Programming paradigms are high‑level concepts that describe how we use a language to solve real‑world problems; they guide the way we decompose goals, follow specific rules, and combine components into a coherent system.

In iOS development with Objective‑C, several paradigms are commonly encountered. The article first discusses chainable programming , illustrating it with the Masonry layout framework.

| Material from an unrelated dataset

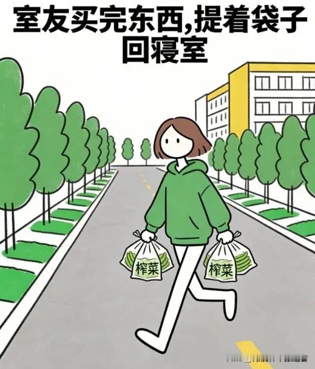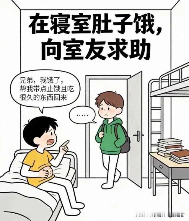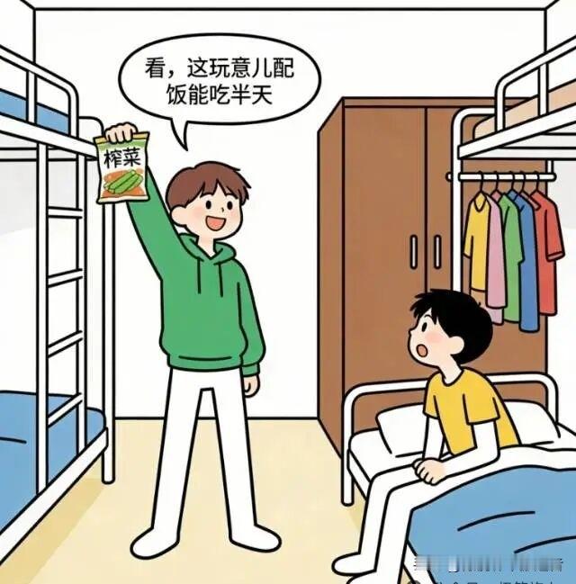 趣味漫画:在寝室饿了,叫舍友给我带点吃的,舍友给我带了几袋榨菜

By chaining method calls with the dot syntax, each call returns the same object (or a block that returns the object), enabling concise, readable code.

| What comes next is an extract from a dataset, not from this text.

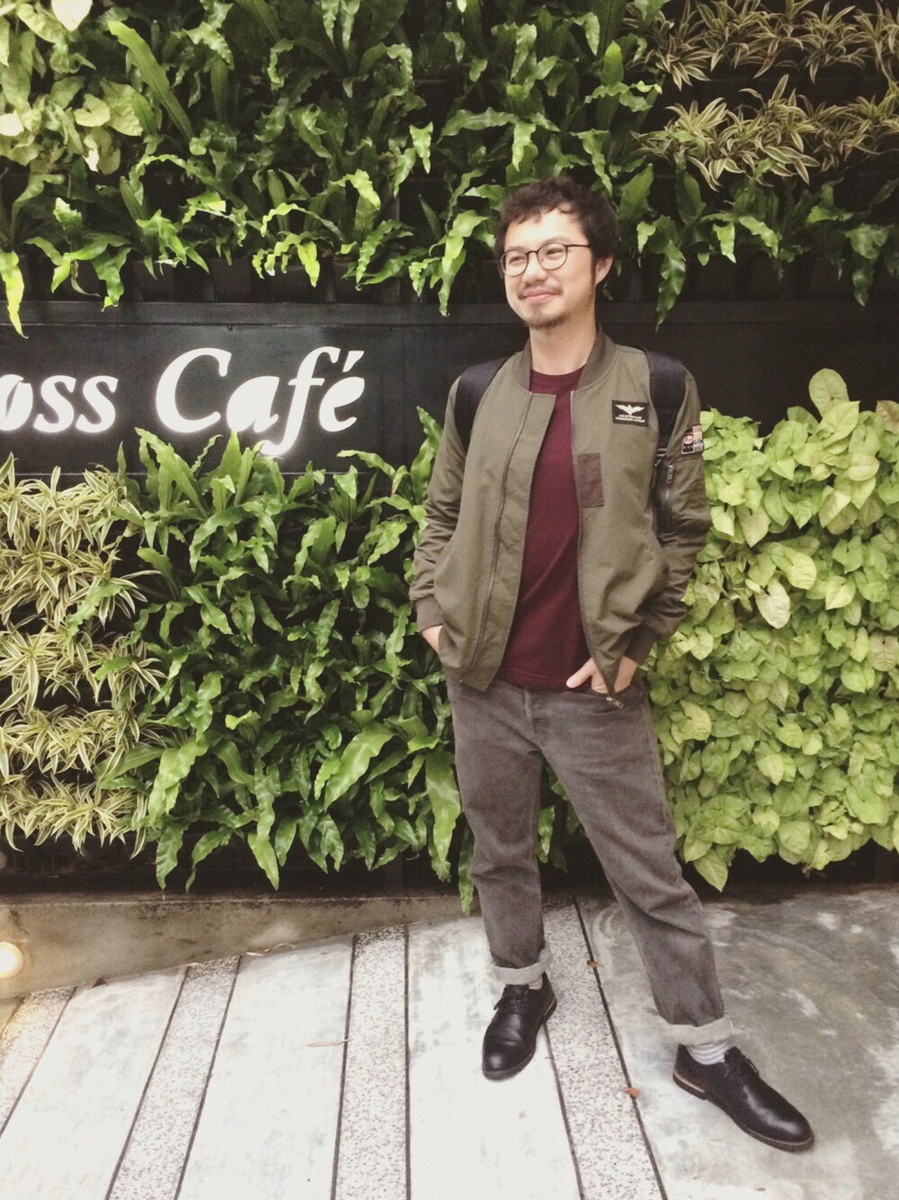 窄版MA-1搭配較寬鬆灰色501 軍綠搭配酒紅色內T 選擇皮鞋增加軍裝感

self.view addSubView:_testView; [_testView mas_makeConstraints:^(MASConstraintMaker *make) { make.height.equalTo(15).width.equalTo(15); }];

The underlying implementation shows that height returns a MASConstraint object, and equalTo returns a block that finally returns self , allowing further chaining.

- (MASConstraint *)height { return [self addConstraintWithLayoutAttribute:NSLayoutAttributeHeight]; } - (MASConstraint * (^)(id))equalTo { return ^id(id attribute) { return self.equalToWithRelation(attribute, NSLayoutRelationEqual); }; }

Next, the article covers reactive programming . Reactive code focuses on data streams and change propagation, letting developers concentrate on business logic rather than implementation details. In Objective‑C, common reactive mechanisms include NSNotificationCenter , delegates, and KVO. A KVO example demonstrates how a view controller observes a view‑model property and updates the UI automatically.

@interface ViewController () @property (nonatomic, strong) UILabel *showLabel; @property (nonatomic, strong) TestViewModel *viewModel; @end @implementation ViewController - (void)viewDidLoad { [super viewDidLoad]; [self.viewModel addObserver:self forKeyPath:@"num" options:NSKeyValueObservingOptionOld context:nil]; } - (void)observeValueForKeyPath:(NSString *)keyPath ofObject:(id)object change:(NSDictionary *)change context:(void *)context { self.showLabel.text = [change valueForKey:@"new"]; } @end

The article then explains functional programming , emphasizing first‑class functions, expression‑only code, immutability, and referential transparency. An Objective‑C example shows a manager class that receives a block as a function argument, updates an internal result, and returns self to enable chainable calls.

@interface CaculateManager : NSObject @property (nonatomic, assign) NSInteger result; - (instancetype)caculate:(int (^)(int))caculateBlock; @end @implementation CaculateManager - (instancetype)caculate:(int (^)(int))caculateBlock { _result = caculateBlock(_result); return self; // enables chainable usage } @end int main(int argc, char *argv[]) { @autoreleasepool { CaculateManager *caculateM = [CaculateManager new]; NSInteger result = [caculateM caculate:^int(int result) { result += 100; return result; }].result; } }

Functional ideas also appear in Masonry’s constraint block, where a block receives a MASConstraintMaker and returns an array of constraints.

- (NSArray *)mas_makeConstraints:(void(^)(MASConstraintMaker *))block { block(constraintMaker); return [constraintMaker install]; }

The article briefly touches on procedural programming , describing it as a sequence of ordered steps (functions) that solve a problem, exemplified by the C language.

Finally, it discusses object‑oriented programming , noting that Objective‑C is inherently object‑oriented: classes model real‑world entities, objects are instances, and communication occurs via message passing.

In conclusion, understanding these paradigms helps developers write maintainable, extensible, and elegant Objective‑C code, reducing system complexity, duplication, and change impact.